▶ **Information**
________

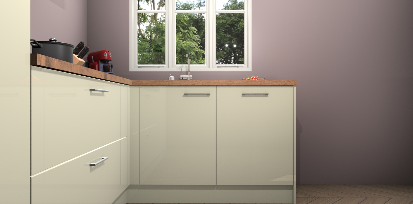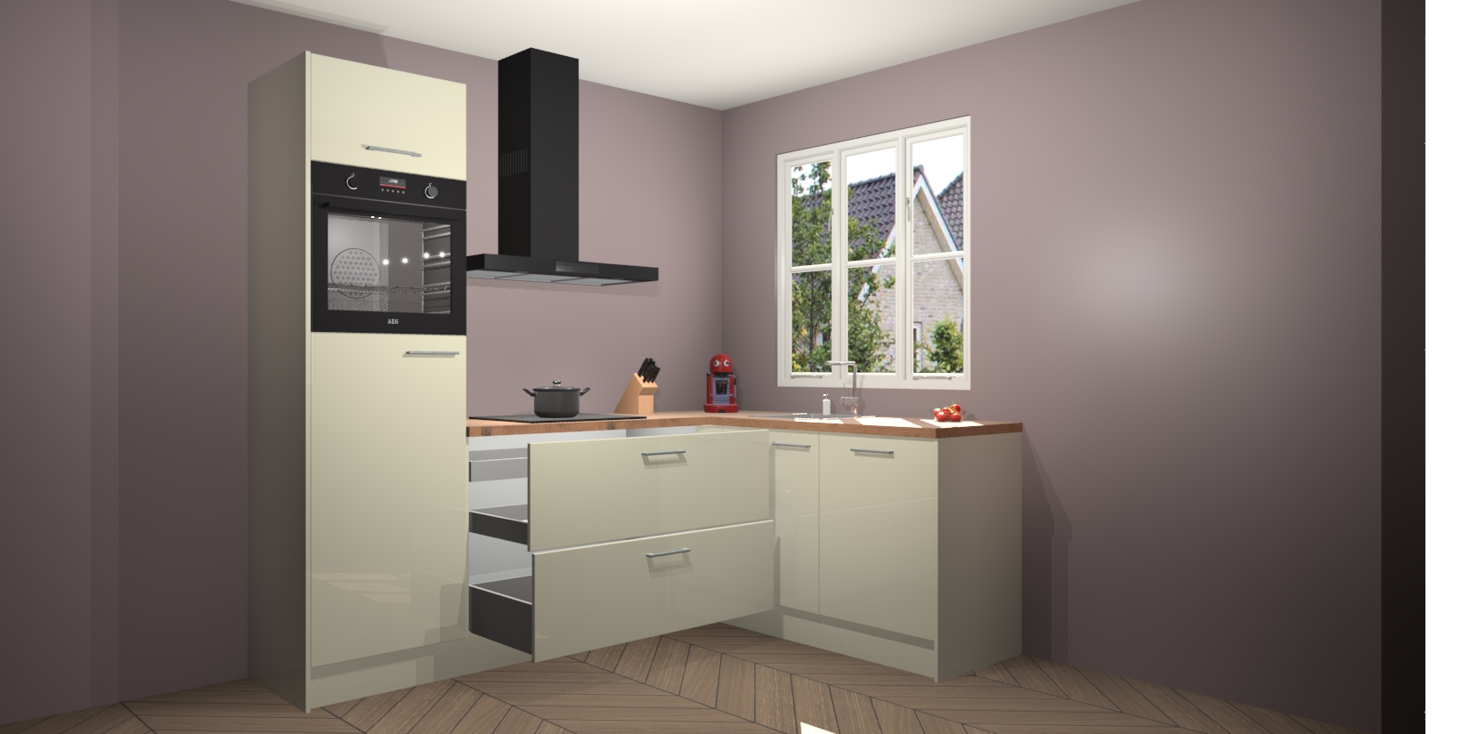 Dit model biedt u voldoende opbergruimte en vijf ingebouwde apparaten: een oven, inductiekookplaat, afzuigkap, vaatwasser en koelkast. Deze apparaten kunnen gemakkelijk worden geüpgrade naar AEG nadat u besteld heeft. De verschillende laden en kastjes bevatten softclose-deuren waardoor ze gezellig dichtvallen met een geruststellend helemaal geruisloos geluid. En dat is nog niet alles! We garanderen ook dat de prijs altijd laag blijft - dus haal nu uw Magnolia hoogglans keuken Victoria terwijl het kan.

________

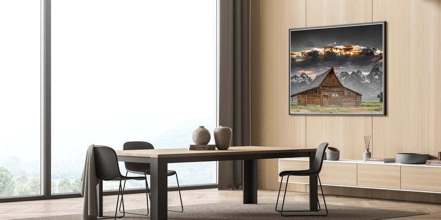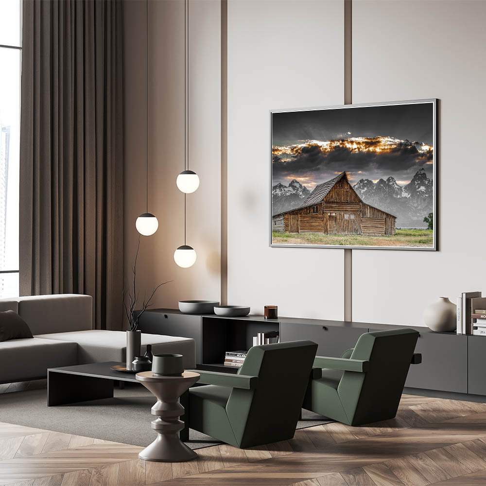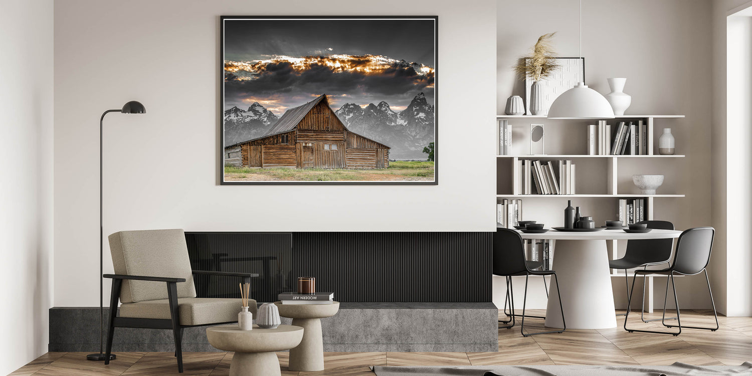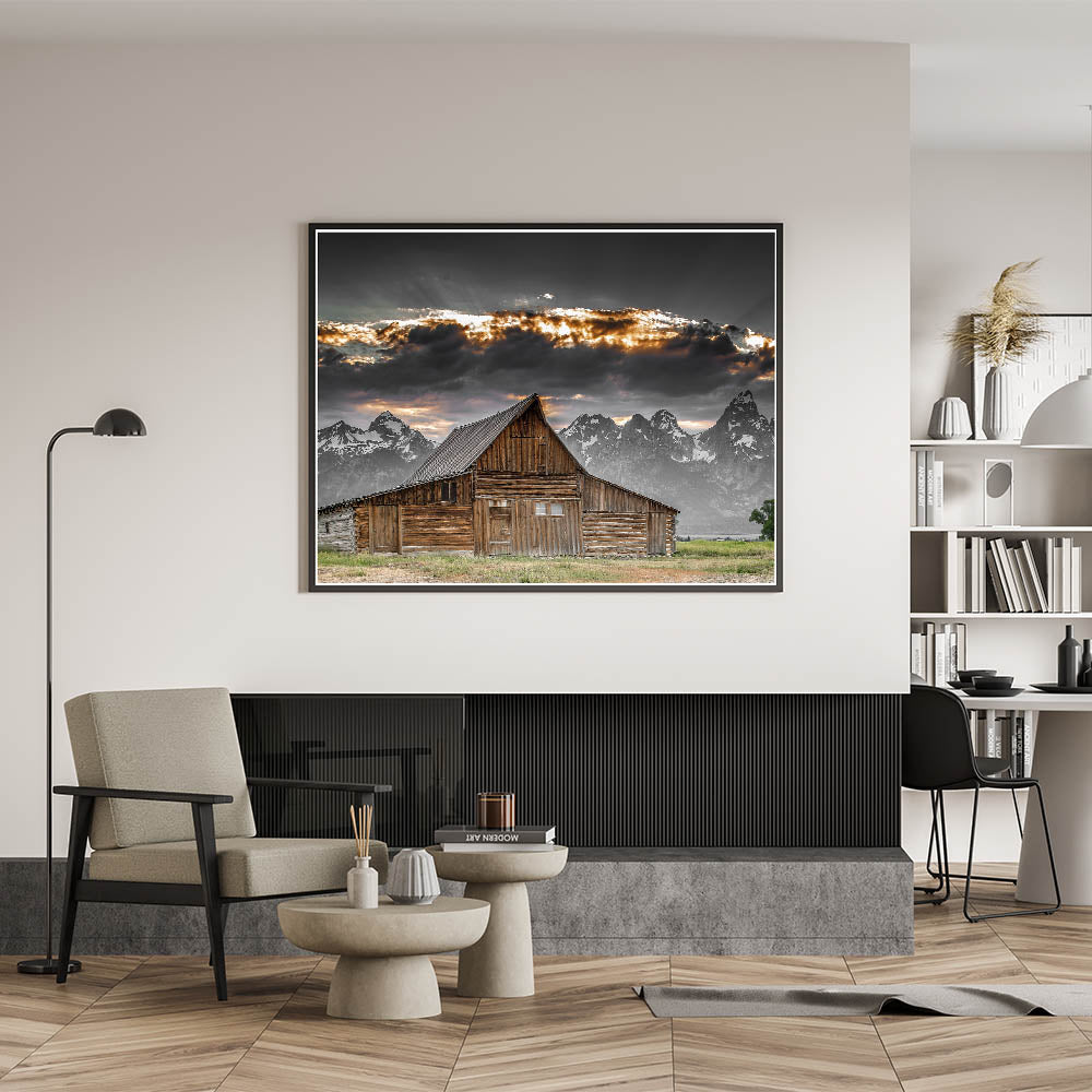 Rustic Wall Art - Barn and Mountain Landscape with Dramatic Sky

________

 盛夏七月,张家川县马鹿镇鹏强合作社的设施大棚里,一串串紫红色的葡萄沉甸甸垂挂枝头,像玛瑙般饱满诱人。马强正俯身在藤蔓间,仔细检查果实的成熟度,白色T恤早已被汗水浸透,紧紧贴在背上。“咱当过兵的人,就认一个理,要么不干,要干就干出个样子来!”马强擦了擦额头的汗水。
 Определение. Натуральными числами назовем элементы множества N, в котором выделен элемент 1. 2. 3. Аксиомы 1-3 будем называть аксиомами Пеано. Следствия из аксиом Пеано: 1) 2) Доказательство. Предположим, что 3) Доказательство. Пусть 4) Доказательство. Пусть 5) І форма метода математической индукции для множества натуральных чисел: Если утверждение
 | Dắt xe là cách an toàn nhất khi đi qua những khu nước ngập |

________

▶ **Work order**
From the records above, give again exactly the lines running from the line with "Определение. Натуральными числами" to the line with "nước ngập |", inclusive.

▶ **Solution**
 Определение. Натуральными числами назовем элементы множества N, в котором выделен элемент 1. 2. 3. Аксиомы 1-3 будем называть аксиомами Пеано. Следствия из аксиом Пеано: 1) 2) Доказательство. Предположим, что 3) Доказательство. Пусть 4) Доказательство. Пусть 5) І форма метода математической индукции для множества натуральных чисел: Если утверждение
 | Dắt xe là cách an toàn nhất khi đi qua những khu nước ngập |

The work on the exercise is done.